Unnamed: 0,person_age,person_gender,person_education,person_income,person_emp_exp,person_home_ownership,loan_amnt,loan_intent,loan_int_rate,loan_percent_income,cb_person_cred_hist_length,credit_score,previous_loan_defaults_on_file,loan_status
0,22.0,female,Master,71948.0,0,RENT,35000.0,PERSONAL,16.02,0.49,3.0,561,No,1
1,21.0,female,High School,12282.0,0,OWN,1000.0,EDUCATION,11.14,0.08,2.0,504,Yes,0
2,25.0,female,High School,12438.0,3,MORTGAGE,5500.0,MEDICAL,12.87,0.44,3.0,635,No,1
3,23.0,female,Bachelor,79753.0,0,RENT,35000.0,MEDICAL,15.23,0.44,2.0,675,No,1
4,24.0,male,Master,66135.0,1,RENT,35000.0,MEDICAL,14.27,0.53,4.0,586,No,1


In [4]:
df.columns

Index(['person_age', 'person_gender', 'person_education', 'person_income',
       'person_emp_exp', 'person_home_ownership', 'loan_amnt', 'loan_intent',
       'loan_int_rate', 'loan_percent_income', 'cb_person_cred_hist_length',
       'credit_score', 'previous_loan_defaults_on_file', 'loan_status'],
      dtype='object')

In [5]:
categorical_cols = ["person_gender", "person_education", "person_home_ownership", 
                    "loan_intent", "previous_loan_defaults_on_file"]

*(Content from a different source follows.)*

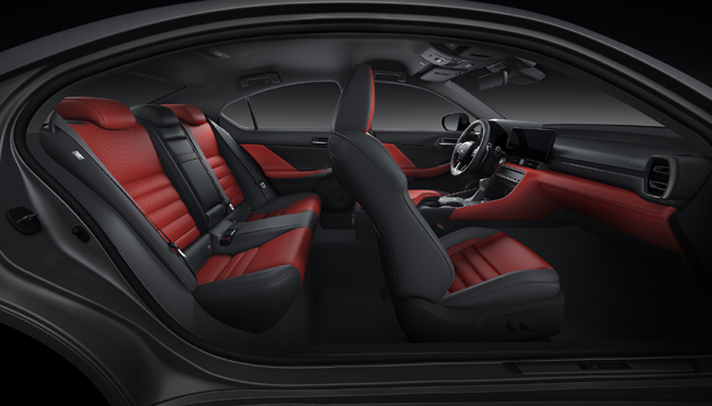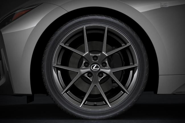 エクステリアについては、ISらしいアグレッシブさをいっそう突き詰めたことが訴求点だ。フロントフェイスは、ブレーキダクトを取り込み低く構えた新スピンドルグリルを採用して、低重心かつワイドなスタンスをさらに強調。また、“F SPORT”には空力性能を強化した新形状のリアスポイラーを装備し、床下から車両背面へ巻き上がる空気の流れを増加させることで、リアの揚力を低減し、より優れた空力操安性能を実現する。ボディカラーには、スポーティに駆け抜けるような走りの世界観を表現した新色のニュートリノグレーを加えた計8色をラインアップした。さらに、足回りではアルミホイールの意匠を一新。IS350/IS300h“F SPORT”には新意匠の19インチ軽量アルミホイールを組み込み、細軸スポークのタイトなデザインにグロスブラックメタリックを施して、優れた運動性能をより際立たせる。メーカーオプションとして、LEXUSロゴ入りのレッドブレーキキャリパーも設定した。一方、IS350/IS300h“version L”には従来のシャインシルバーメタリックからダーククリア塗装+切削光輝へと刷新した19インチアルミホイールを装着。グロスブラックをベースに切削光輝処理を施し、スモーククリアを塗布することで、より引き締まった足元を演出する。そしてIS350/IS300hには、従来のシルバーメタリックからダークプレミアムメタリックへと塗装色を変更した18インチアルミホイールを配備。奥行感とスポークの立体感により、タイト&スポーティなイメージをより強調した。ボディサイズは従来比で10mm長く、それ以外は同寸の全長4720×全幅1840×全高1435(2WD)~1440(AWD)mm、ホイールベース2800mmに設定している。

encoders = {col: LabelEncoder().fit(df[col]) for col in categorical_cols}
for col, le in encoders.items():
    df[col] = le.transform(df[col])

# Train-test split
train_df, test_df = train_test_split(df, test_size=0.2, random_state=42)
print(f"Train shape: {train_df.shape}, Test shape: {test_df.shape}")

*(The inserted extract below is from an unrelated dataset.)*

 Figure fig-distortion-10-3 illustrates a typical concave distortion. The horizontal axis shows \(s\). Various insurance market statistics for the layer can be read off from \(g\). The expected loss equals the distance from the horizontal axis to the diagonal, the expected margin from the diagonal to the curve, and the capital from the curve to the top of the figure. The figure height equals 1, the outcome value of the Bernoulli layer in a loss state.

Train shape: (36000, 14), Test shape: (9000, 14)


In [7]:

# ---------- Step 1: Load dataset ----------
df = pd.read_csv("loan_data.csv")

# Convert categorical to string
categorical_cols = [
    "person_gender", "person_education", "person_home_ownership",
    "loan_intent", "previous_loan_defaults_on_file"
]
for col in categorical_cols:
    df[col] = df[col].astype(str)

# ---------- Step 2: Split dataset ----------
train_df, test_df = train_test_split(df, test_size=0.2, random_state=42)

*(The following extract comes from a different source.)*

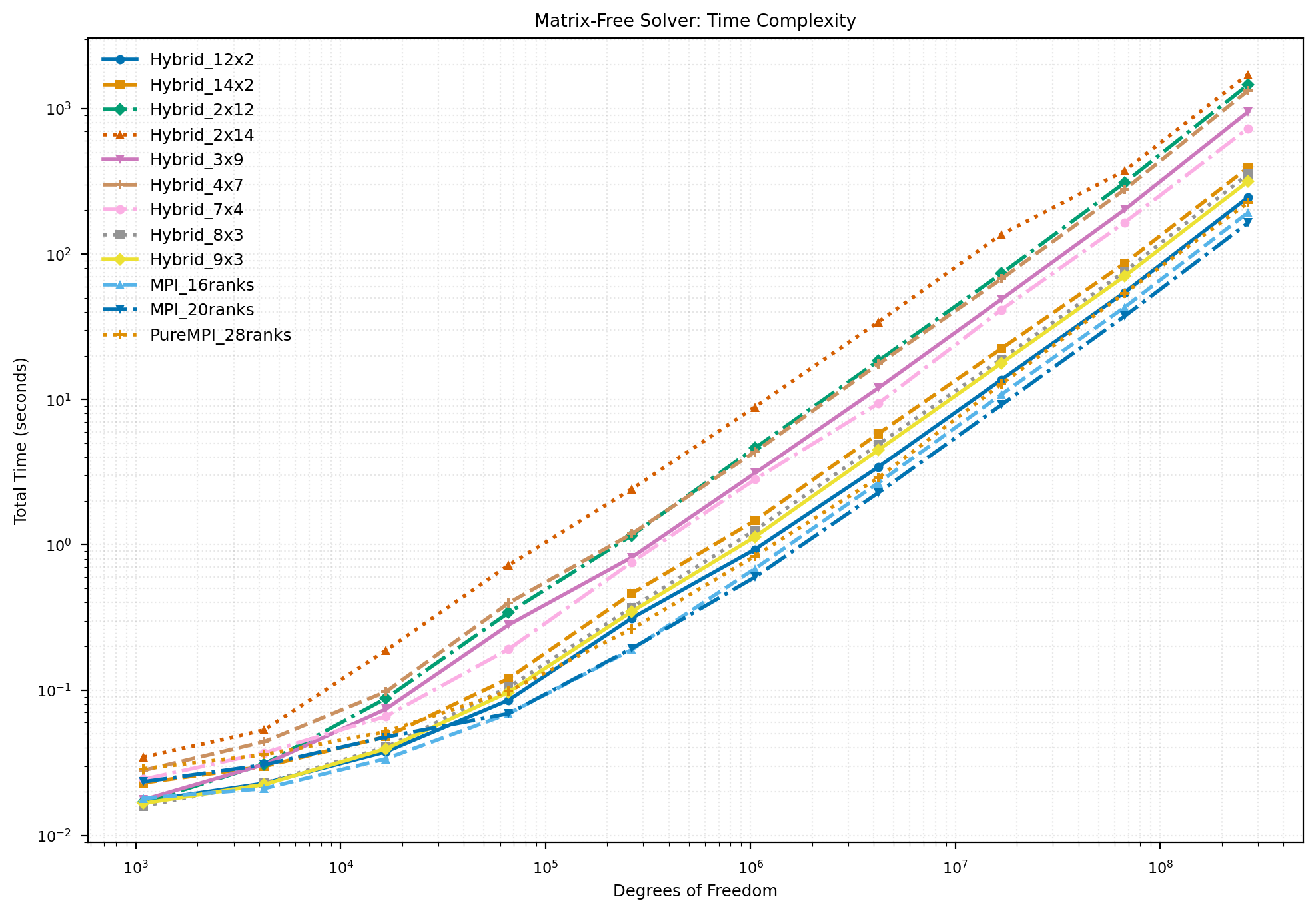 - Matrix-Free Solver: On-the-fly operator evaluation with Geometric Multigrid (GMG) preconditioning

# ---------- Step 3: Define a DSPy ChainOfThought module ----------
class LoanApprovalReasoner(dspy.Module):
    def __init__(self):
        super().__init__()
        # Use ChainOfThought to give reasoning along with prediction
        self.reason_model = dspy.ChainOfThought(
            "person_age: float, person_gender: str, person_education: str, "
            "person_income: float, person_emp_exp: int, person_home_ownership: str, "
            "loan_amnt: float, loan_intent: str, loan_int_rate: float, loan_percent_income: float, "
            "cb_person_cred_hist_length: float, credit_score: int, previous_loan_defaults_on_file: str "
            "-> loan_status: int, reasoning: str"
        )

    def forward(self, **features):
        result = self.reason_model(**features)
        return result

# ---------- Step 4: Initialize DSPy ----------
dspy.settings.configure(lm=dspy.LM("openai/gpt-4o-mini"))
loan_reasoner = LoanApprovalReasoner()
# ---------- Step 5: Test prediction + reasoning ----------
sample_input = {
    "person_age": 29,
    "person_gender": "female",
    "person_education": "Bachelor",
    "person_income": 70000,
    "person_emp_exp": 6,
    "person_home_ownership": "OWN",
    "loan_amnt": 12000,
    "loan_intent": "EDUCATION",
    "loan_int_rate": 9.8,
    "loan_percent_income": 0.17,
    "cb_person_cred_hist_length": 5,
    "credit_score": 750,
    "previous_loan_defaults_on_file": "No"
}

output = loan_reasoner(**sample_input)

print("Predicted loan_status:", output["loan_status"])
print("Reasoning:\n", output["reasoning"])

Predicted loan_status: 1
Reasoning:
 The applicant is 29 years old, has a Bachelor's degree, and a stable income of $70,000 with 6 years of employment experience. They own their home, which indicates financial stability. The loan amount of $12,000 for education purposes is reasonable given their income, as it only represents 17% of their income. Additionally, they have a good credit score of 750 and no previous loan defaults, which further supports their ability to repay the loan. Therefore, the loan should be approved.